Tuning Postgres Autovacuum for Scale
By Sourabh Ghorpade
If you have a write heavy table in your Postgres database and you’re using the default Postgres settings for autovacuum, writes may consume more Transaction IDs than the autovacuum can reclaim. This may lead to a database shutdown. To avoid it, consider tuning them using PG Tune.
Why would the database shutdown ?
Following is a high level overview of the ‘why’:
- Postgres uses a MVCC mechanism to handle concurrency. So the reads and writes do not block each other. To manage row visibility across transactions, it has to assign a unique Transaction ID(XID) to each transaction performing a write. This XID is stored on the row when the transaction commits. A query reading from this table can only see rows which are older than the query’s transaction ID.
- This Transaction ID uses modulo-2³² arithmetic, and hence, can support only 4 Billion transactions - such that each ID must have 2 billion IDs before and after it. This means if the XID wraps around, the older rows will appear to be in the future, and become invisible to all new queries. This will result in immediate data loss.
- To prevent it from happening, Postgres has a background process called an autovacuum. The autovacuum assigns a special XID (called as a FrozenXID) to all older rows. All rows with the FroxenXID are treated as in the past, regardless of wraparound issues. The highest XID in use is said to be the “Age of UnFrozen Rows”. If this reaches 2 Billion, it will result in a wrap around.

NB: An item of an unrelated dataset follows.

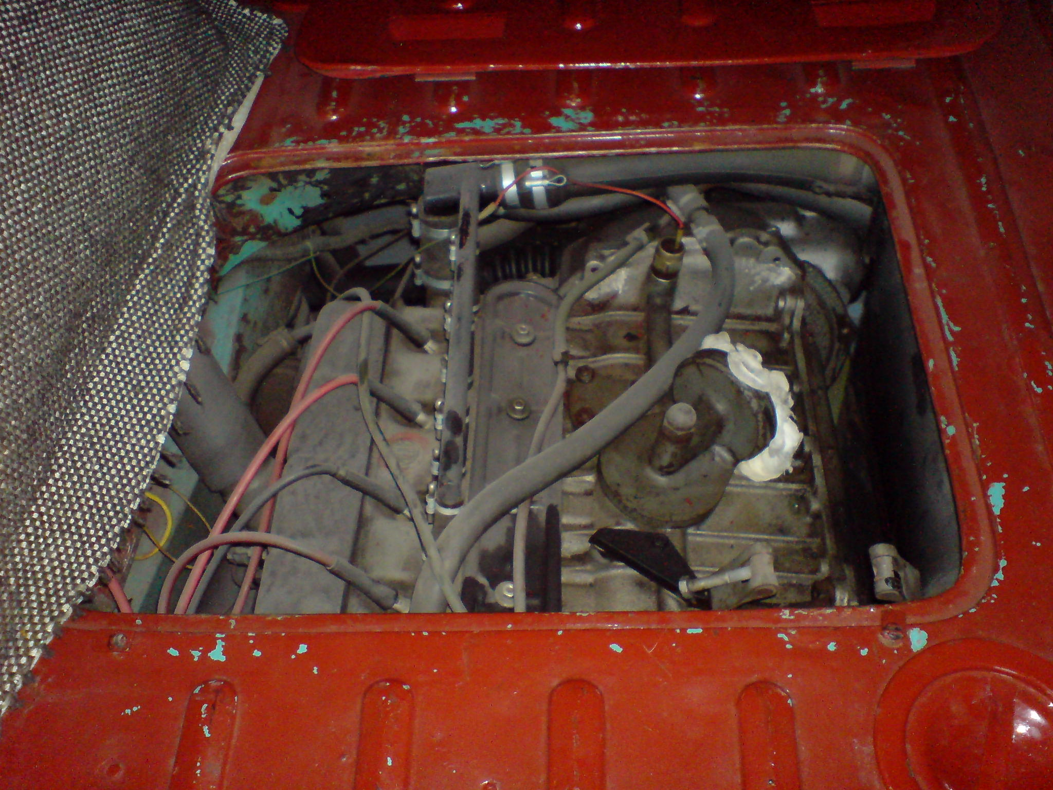 Engine of Škoda 1000MB Combi prototype as viewed from luggage hold throught service door.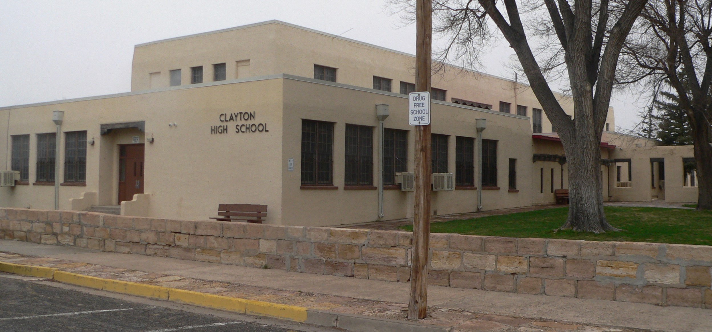 School complex in Clayton, New Mexico: high-school building, seen from 5th Street.

- Normally, autovacuum does the freezing of rows automatically in the background. However, in case it’s not able to catchup with the writes, the Transaction IDs can reach perilously close to the 2 Billion mark. Postgres preempts this scenario by shutting down for maintenance when there are fewer than 1 Million Transaction IDs. No writes are possible during this time and it can take an unknown amount of time. This effectively causes a major unplanned downtime of unknown time.
- The sentry blog, heroku blog and Postgres doc cover this in detail and we recommend you go through them as well.
With that background setup, let us see what happened to us.
What happened to us ?
GO-JEK is the market leader in Indonesia across multiple sectors including Ride Hailing and Food. We do more than 100+ million bookings a month. A majority of these bookings are created and managed in a single Order Management System and stored in a table called bookings. These booking are updated multiple times with actions like pickup, complete etc. As a result, millions of transaction IDs are consumed each day. With the default settings, the autovacuum process was able to reclaim only 70% of them and took up to 11 days to complete. This reclamation is committed only at the end of the process. As a result, the count of unfrozen rows reached more than a billion with only a few weeks left till the database shut down.
What did we do?
We had the following beefy configurations on the Database VM :
Memory: 64 GB CPUs : 16 HDD : 3TB, SSD
Despite that, the performance of the autovacuum was poor. This indicates it was under-provisioned. After some digging around we decided to upgrade the following configurations:
autovacuum_work_mem = '2GB' #This is the amount of memory that the autovacuum process can use. Higher values allow it to load more rows in memory and hence process them faster. It is not present by default and hence defaults to maintenance_work_mem, which is 128 MB by default autovacuum_vacuum_cost_limit = '2000' #To prevent excessive load on the DB due to the autovacuum, there is an I/O quota imposed by Postgres. So every read/write causes depletion of this quota and once it is exhausted the autovacuum sleeps for a fixed time. This configuration increases the quota limit, therefore increasing the amount of I/O that the vacuum can do. This has a default of 200. More details in references #7 maintenance_work_mem = '1GB' #This is similar to autovacuum_work_mem where it is the memory that a maintenance process can use. DDL commands and indexing use this setting. The autovacuum defaults to this if the autovacuum_work_mem is -1. Given that we set autovacuum_work_mem it does not matter here, but it is useful to have. The default is 128MB. work_mem = '16MB' #This enables sort queries to load more rows into memory thus increasing their speed. This is unrelated to vacuum.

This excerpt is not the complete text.